The Night Watch

It is like a man traveling abroad. He leaves home … and orders the gatekeeper to be on the watch. For me the image of the gatekeeper engages my imagination of the coming night watch – in an ancient city silhouetted against a setting sun as the lanterns and home lights cast their first shadows against the coming night.

Somewhere within its walls, an ancient and arthritic hand pushes against a wooden gate that slowly groans open. An elderly gatekeeper lights the watch lamp, hangs it upon a post and settles in – alone and alone with his thoughts. Such is the nature of the night watch.

It is not just of ancient times and places. Every eventide when most of us begin our glide path to sleep and dream of tomorrow, others keep watch – hold vigil as the dusk gives way to the gloaming then settles into the dark night. People alone and alone with their thoughts

  • a deputy sheriff on night patrol, an police officer driving alongside a chain-link fence, checking the gate at the school yard, the vacant lot – all the in between places.
  • a nurse making her midnight rounds. The glow of flashing numbers marking the pulse, the breathing, the life – all reflect in the lenses of her glasses. The sound of her steps quiet, but determined, as she moves from room to room, patient to patient.
  • The midnight watch at sea – the silent sentinels standing post – eyes scanning the horizon for what comes in the dark
  • Fire and Rescue, UPS flight crews, or a thousand other folks who keep the night watch
  • Many night vigils are held right in your house. The house is quiet, the family asleep. The glare of a computer monitor; the only light as you view your bills online – the credit charges, cable service, car loan, mortgage payment, utilities – and Christmas coming soon. There is not enough, not this year.

Many things come in the night. It is in the silence of the night’s passing, between the moments – that the sorrows, the joys well up. When anxiety haunts us even as we count off the hours until night withers and sunrise prowls the horizon. There are nights when peace is as elusive and the night is long. The night watch is the time given us.

Advent is also the time given us – peace no less elusive, anxiety no less present. The people of our first reading knew that longing and waiting for the Messiah. They cry out with that full range of emotion: sorrow, joys, anxiety, fear they are too far lost to be found, cries that for God to come down and rend the heavens and make himself know, and haunted by the feeling that their guilt has left them up-rooted and scattered in the winds. Yet even in that long night, they recognize a core truth: that God continues to shape their lives: “Yet, O LORD… we are the clay and you the potter: we are all the work of your hands.” At the end of it all, this is what they hold onto in the time given them.

We are the gatekeepers of our time, keeping watch for the One-who-is-to-Come. And like the Israelites, to recognize the one central truth of their waiting. In this long vigil, waiting to open the gates for the Christ child, we hold onto the truth that we are never alone. God is ever present even in the watches of the night (maybe especially so).
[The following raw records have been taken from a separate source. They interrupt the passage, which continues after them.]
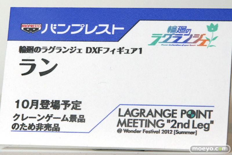 「ワンダーフェスティバル 2012[夏]」の輪廻のラグランジェブースでは、WFには不参加のバンプレストのプライズを始め、輪廻のラグランジェ関係の新作フィギュアのサンプルが展示されていました。それら展示の様子をまとめてお伝えします。
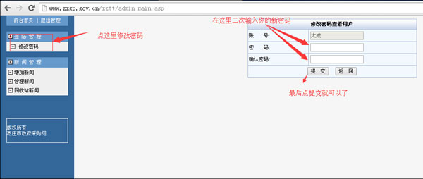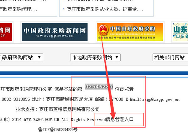 拉到網(wǎng)站的底部,找到信息管理入口點(diǎn)擊進(jìn)入;蛑苯哟蜷_:http://www.zzgp.gov.cn/zztt/這個(gè)地址就可以進(jìn)入后臺(tái)
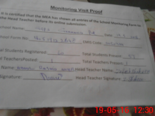 | Certified that this School was Inspected by the Undersigned MEA/DMO Today and the Information Stated Above is as Per Record. | |||||

  • Think of Joseph in the dead of night, adjusting the packs on the donkey, preparing to flee to Egypt with Mary and her child. Surely, he felt alone, but he had already opened his gates to the word of the Lord coming to him in a dream. He was not alone.
  • Think of Mary Magdalene, her soul as empty and dark as the gaping entrance to an empty tomb. She was alone, but searching – she was found and not alone.
  • Think of St Paul, shackled to the stone wall of a prison: deserted by friends, heckled by guards, alone in his cell. Yet, not alone.
  • A nurse who encounters the Lord of life in the midst of patients receiving palliative care
  • A parent encounters the Lord of love at the bedside of a sick child during the night
  • In the heart of a submariner, night watch allows enough silence to hear that still small voice of the Lord of hope.

None alone, each with the time given to us – time to let the potter shape us – time to celebrate the One-to-come who is ever present.

And so…it is the time for the night watch – our city silhouetted against a setting sun as the streetlights, headlights and home lights cast their first shadows against the coming night. We open the gates of our lives in prayer, we light our Advent candles, we settle in for the long night, secure that we are never alone – and we pray:

O LORD… we are the clay and you the potter: we are all the work of your hands.